Paul: [00:29:25] Gaia, before the interview, I was quoting you talking about really the sheer amount of stuff that has to move around to allow us to stay where we are right. So that that whole infrastructure, it was it was really kind of a penny really dropped when I was listening to you talking about that. One other thing that I heard you talk about on another podcast, which I'd just love to get your response on. It's not like the G7 has one view about this, or the OECD has one view about this. Am I right in thinking that Canada is considering tripling its population and building like extraordinary new cities? Can you talk a little bit about how there isn't just one, one way of looking at this from the point of view of advanced economies?

Gaia Vince: [00:29:59] Yeah, of course. So, you know, leaders around the world have different priorities.

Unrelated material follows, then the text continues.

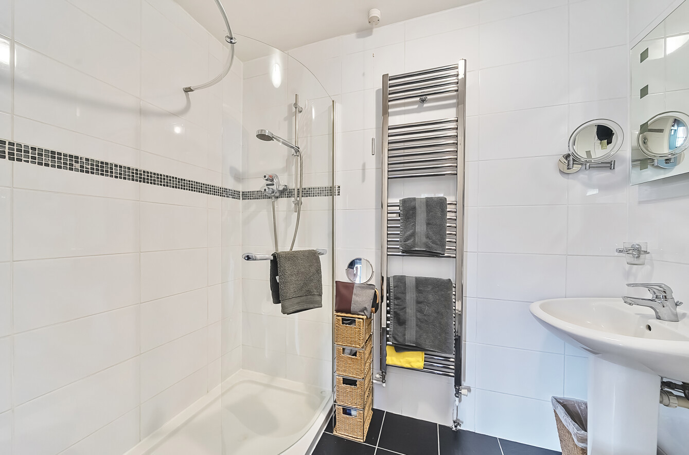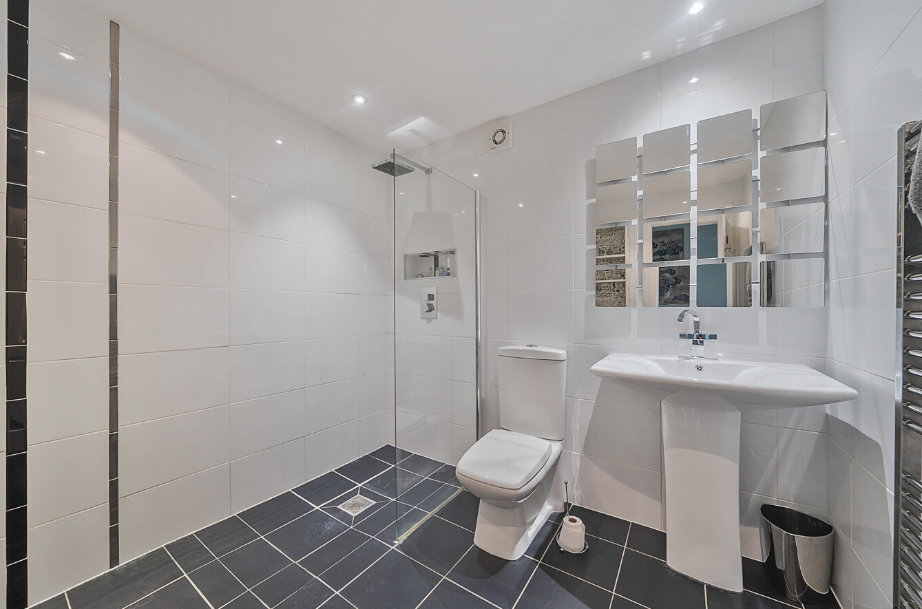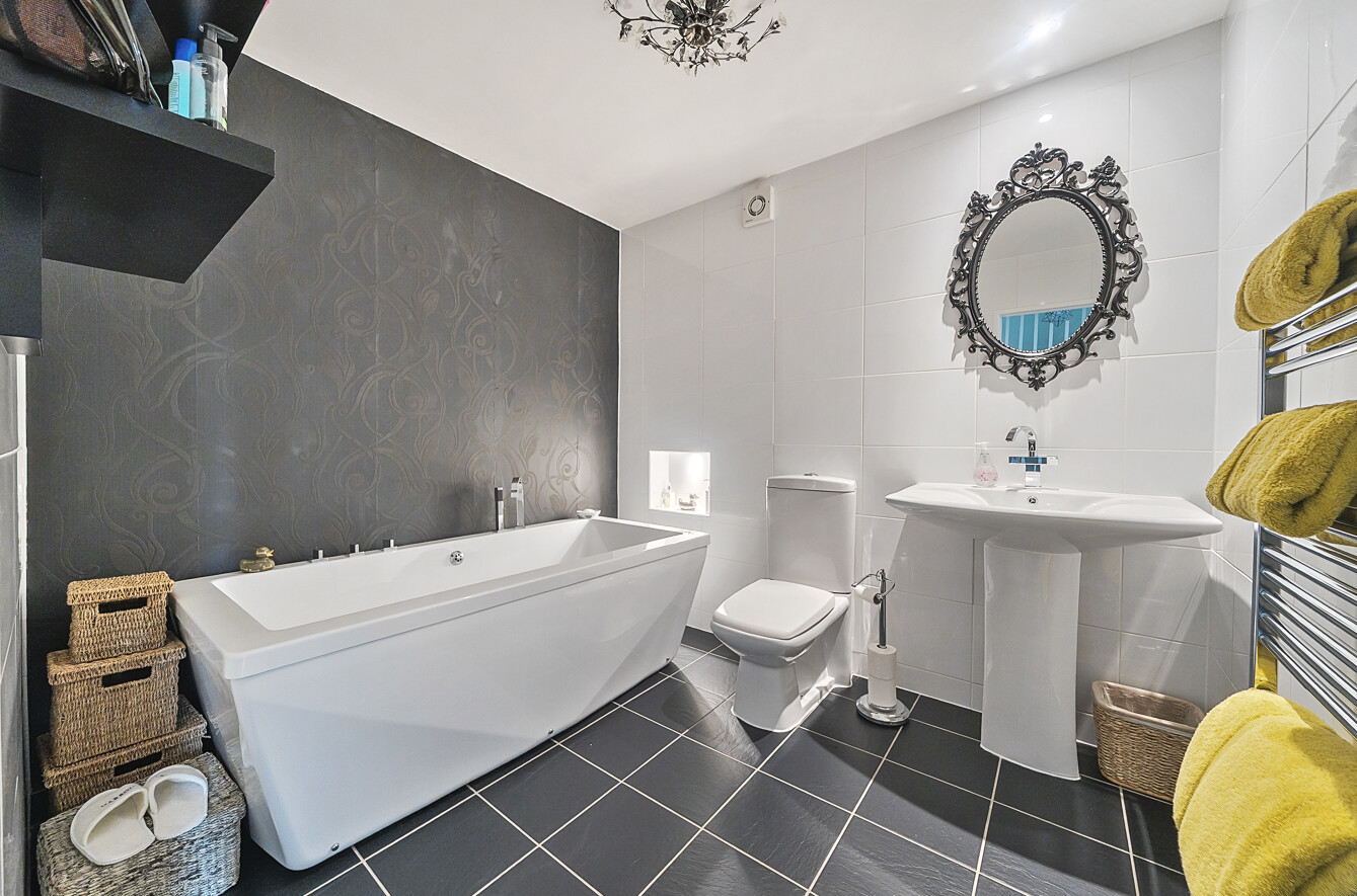 On the second floor, you’ll find two well-proportioned bedrooms, including the principal suite with built-in wardrobes and a stylish en-suite shower room. A spacious family bathroom with a white three-piece suite serves the second bedroom.

And if you look back at just borders, anyway, they're pretty much all recent, you know, and where borders have existed in the past, it's always about keeping people in, stopping them leaving and trying to, there have been raiding parties to go out and, different ways of like either coercing or persuading more people in because leaders know the economic benefits of enhanced productivity and increased innovation in, you know, economic growth that comes from a larger population, larger labour force. And we also know, of course, that almost most countries are suffering from falling birth rates. We're not having enough babies to support our aging population. And that really is a demographic crisis that is going to hit our economies. The only way to solve that is through immigration. And leaders know that, you know, with one hand, they're turning people away and coming up with all these xenophobic policies. And with the other hand, they're like pulling people in, you know, and creating all these, secret ways to get people to stay, because actually, we need them. We have vacancies everywhere, and there's no way to to maintain our current living standards without immigration. They know that. And so, you know, in the past, we've had many of ways of bringing people in, whether it's in Britain, I'm talking from Britain now.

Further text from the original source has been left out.